Let's see the simplest assignment scenario in the image below, when we have an empty map, and assign a key-value pair "hello": 1 to it.
It starts by hashing "hello" to a number, then it takes that number and mods it by the number of buckets.
Since we only have one bucket here, any number mod 1 is 0, so it's going straight into bucket 0 and the same process happens when you add another key-value pair. It'll try to place it in bucket 0, and if the first slot's taken or has a different key, it'll move to the next slot in that bucket.
Take a look at the hash(key, seed), when you use a for-range loop over two maps with the same keys, you might notice that the keys come out in a different order:
func main() {
a := map[string]int{"a": 1, "b": 2, "c": 3, "d": 4, "e": 5, "f": 6}
b := map[string]int{"a": 1, "b": 2, "c": 3, "d": 4, "e": 5, "f": 6}
for i := range a {
print(i, " ")
}
println()
for i := range b {
print(i, " ")
}
}
// Output:
// a b c d e f
// c d e f a b
How's that possible? Isn't the key "a" in map a and the key "a" in map b hashed the same way?
But here's the deal, while the hash function used for maps in Go is consistent across all maps with the same key type, the seed used by that hash function is different for each map instance.
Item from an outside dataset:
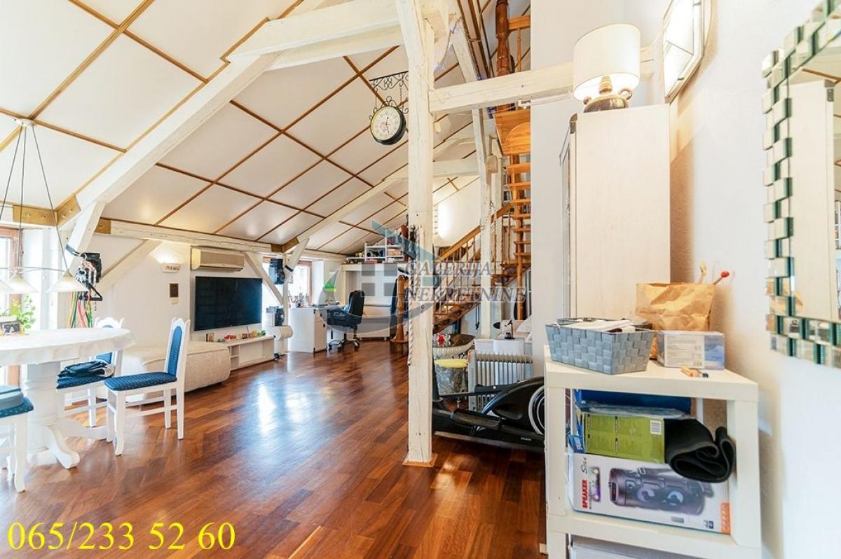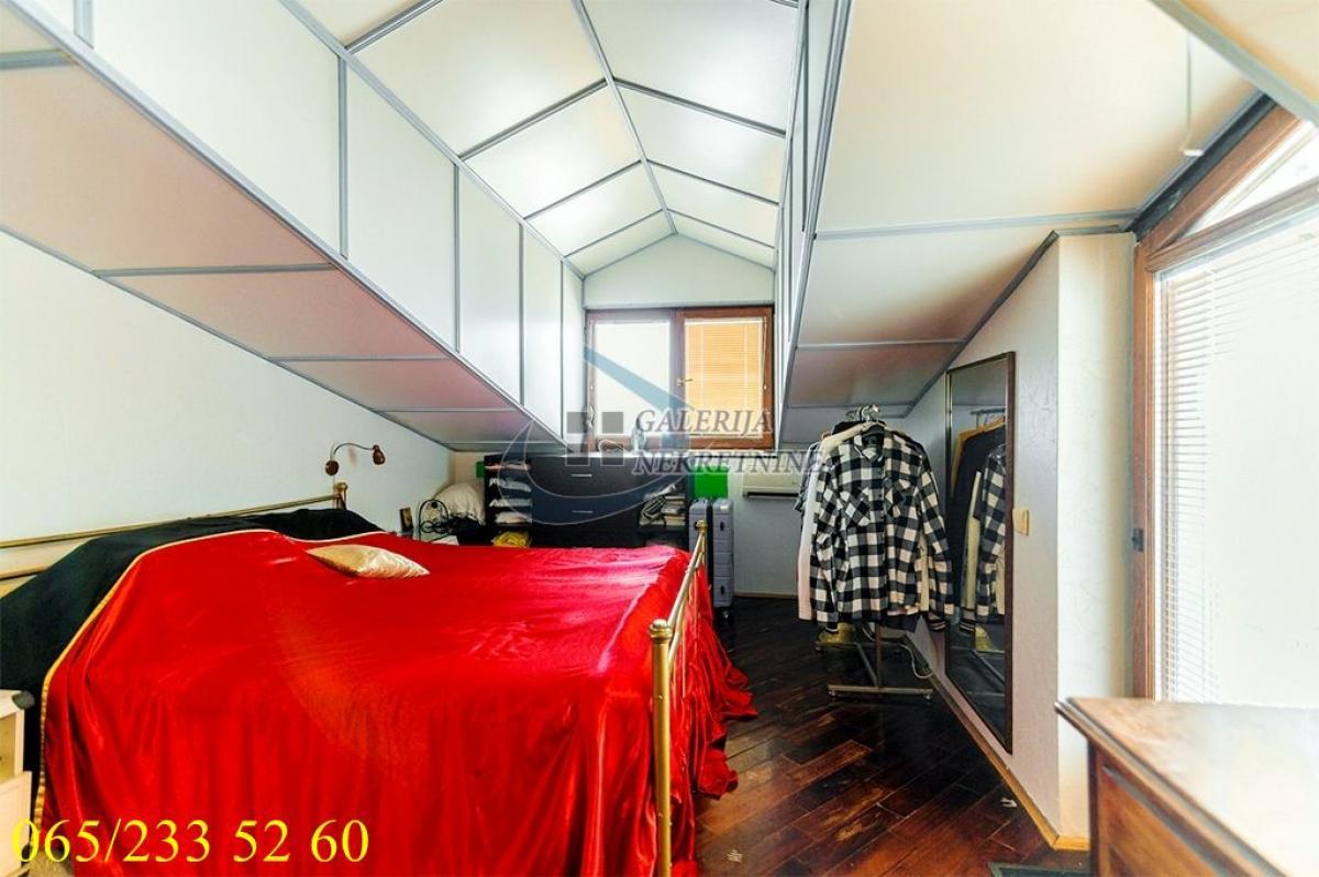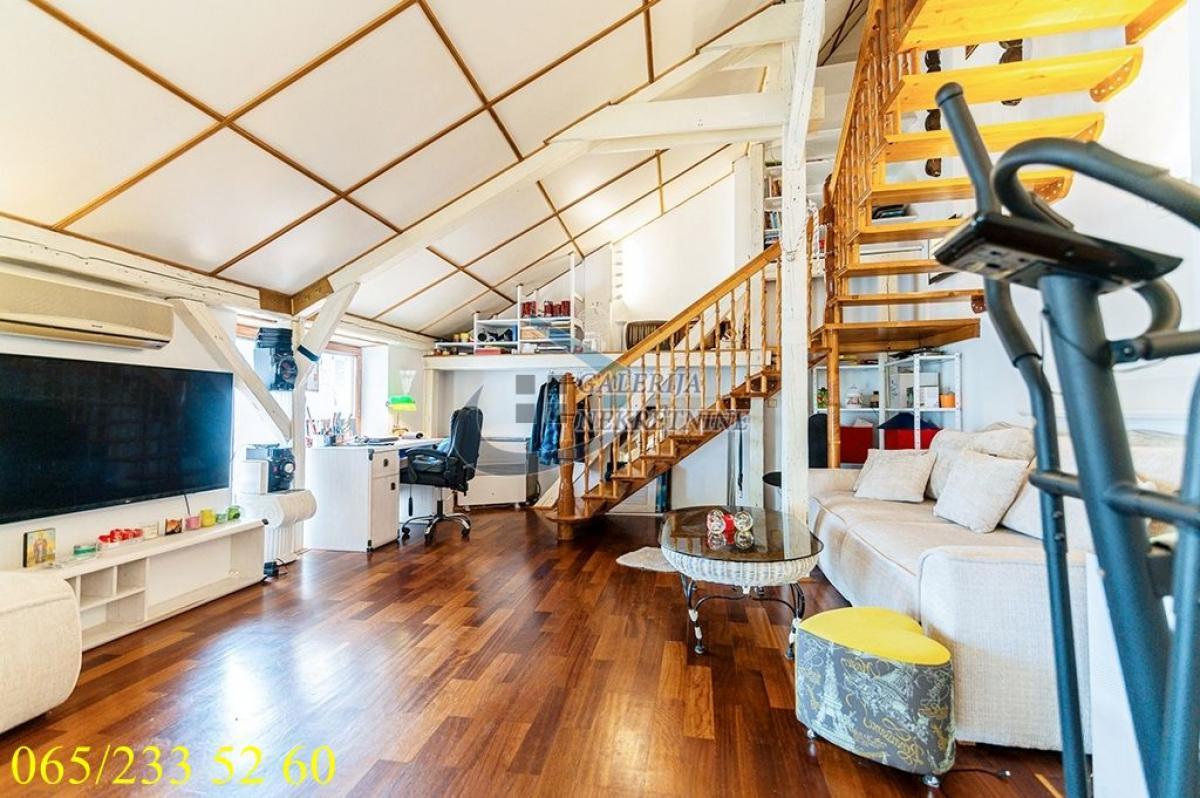 3.0, 110m2 + terasa 15m2, 4/4, duplex, TA, interfon, internet, ktv, klima Ovo potkrovlje iz bajke se nalazi na Dorćolu, u srednjem delu mirne jednosmerne ulice Cara Uroša. Epicentralna lokacije garantuje kompletnu i jako dobru infrastrukturnu pokrivenost. Na kratkoj pešačkoj razdaljini su Kalemegdan, Knez Mihajlova ulica, trg Republike, Dunavski kej, itd... U prilici smo da vam ponudimo šarmantni trosobni duplex u potkrovlju salonske četvorospratne zgrade bez lifta, zidane pre Drugog svetskog rata. Zgrada je u dobrom stanju spolja i iznutra i redovno održavana. Stan je dvostrano orijentisan jugoistok-severozapad i odlično osvetljen dnevnim svetlom. Adaptibilan, prostorije su vrlo funkcionalno raspoređene pa je prostor maksimalno iskorišćen. Na donjem nivou je dnevni deo a na gornjem spavaći sa dve spavaće sobe, kupatilom i prelepom velikom terasom sa lepim, širokim i otvorenim pogledom preko krovova Dorćola, Save i Dunava i ka prostranoj vojvođanskoj ravnici. U odličnom je stanju, sređen i uređen sa puno ljubavi i ukusa i značajna ulaganja nisu neophodna. Grejanje je na struju (TA) pa su računi za infostan niski. Izvodljiva je ugradnja lifta. Od prostorija: Donji nivo - ulazni hodnik, dnevni boravak i kuhinja; Gornji nivo - predsoblje, dve spavaće sobe, kupatilo, terasa. Uknjižen na 110m2 bez terase. Sa terasom od 15m2, ukupno ima 125m2. Agent prodaje: Isak Marčetić 064/167 53 81

So, when you create a new map, Go generates a random seed just for that map.
In the example above, both a and b use the same hash function because their keys are string types, but each map has its own unique seed.
"Wait, a bucket has only 8 slots? What happens if the bucket gets full? Does it grow like a slice?"
Well, sort of. When the buckets start getting full, or even almost full, depending on the algorithm's definition of "full", the map will trigger a growth, which might double the number of main buckets.
But here's where it gets a bit more interesting.
When I say "main buckets," I'm setting up for another concept: "overflow buckets." These come into play when you've got a situation with high collisions. Imagine you have 4 buckets, but one of them is completely filled with 8 key-value pairs due to high collisions, while the other 3 buckets are sitting empty.
The full post is available here: https://victoriametrics.com/blog/go-map/.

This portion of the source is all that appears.